Find out how the mortgage originator fared in 2021's third quarter
Home Point Capital has released its financial results for the third quarter of 2021, noting an improvement in its performance for the period.
The Michigan-based mortgage originator and servicer more than tripled its net revenue of $84 million in the second quarter to $275 million in the third quarter. However, the figure was down from its $511 million total revenue in Q3 2020.
Home Point reported a quarterly net income of $71 million or $0.51 per share. This is compared to a net loss of $73 million or $0.53 per share in the second quarter and compared to a net income of $264
“Our financial and operating results for the third quarter demonstrate the flexibility of Home Point Capital’s business model and team, particularly as we navigate through a challenging and competitive environment,” said Willie Newman, president and CEO of Home Point.
Read more: Home Point reveals impact of wholesale competition in its Q1 results
The company’s quarterly funded origination volume dipped from $25 billion in the second quarter to $21 billion in the third quarter. Despite the decrease, it enjoyed a $67 million gain in its total originations revenue quarter over quarter, totaling $184 million. Home Point’s gain on sale was 73 basis points during the period, compared to 233 bps in Q3 2020 and 74 bps in Q2 2021.

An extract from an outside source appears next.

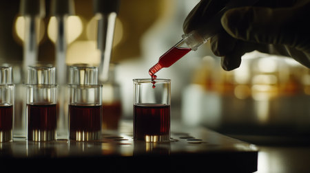 A scientist uses a pipette to add a drop of red liquid to a test tube in a modern lab. This image captures the essence of research and innovation in medical science and technology.

A 16% reduction in the direct expenses of Home Point’s origination segment and a 7% drop in servicing direct expenses led to an 11% sequential quarter decrease in its total expenses – down to $175 million in Q3.
During the quarter, Newman said Home Point executed a number of priorities, including expanding its partner network, launching productivity and efficiency initiatives, enhancing its partner and customer experience, and diversifying its capital markets execution alternatives.
As a result of these changes, the firm’s broker partners grew by 714 quarter over quarter and increased by more than 2,500 year over year to 7,452 as of September 30. Meanwhile, its servicing customers decreased 5% quarter over quarter but was up by 40% year over year to 428,622 at the end of the third quarter.
According to Home Point’s release, the sequential quarter decrease in servicing customers was primarily due to the sale of the GNMA servicing portfolio, which was closed in the third quarter of 2021.
“We remain focused on optimizing our business to create sustainable long-term value for our stakeholders,” Newman said.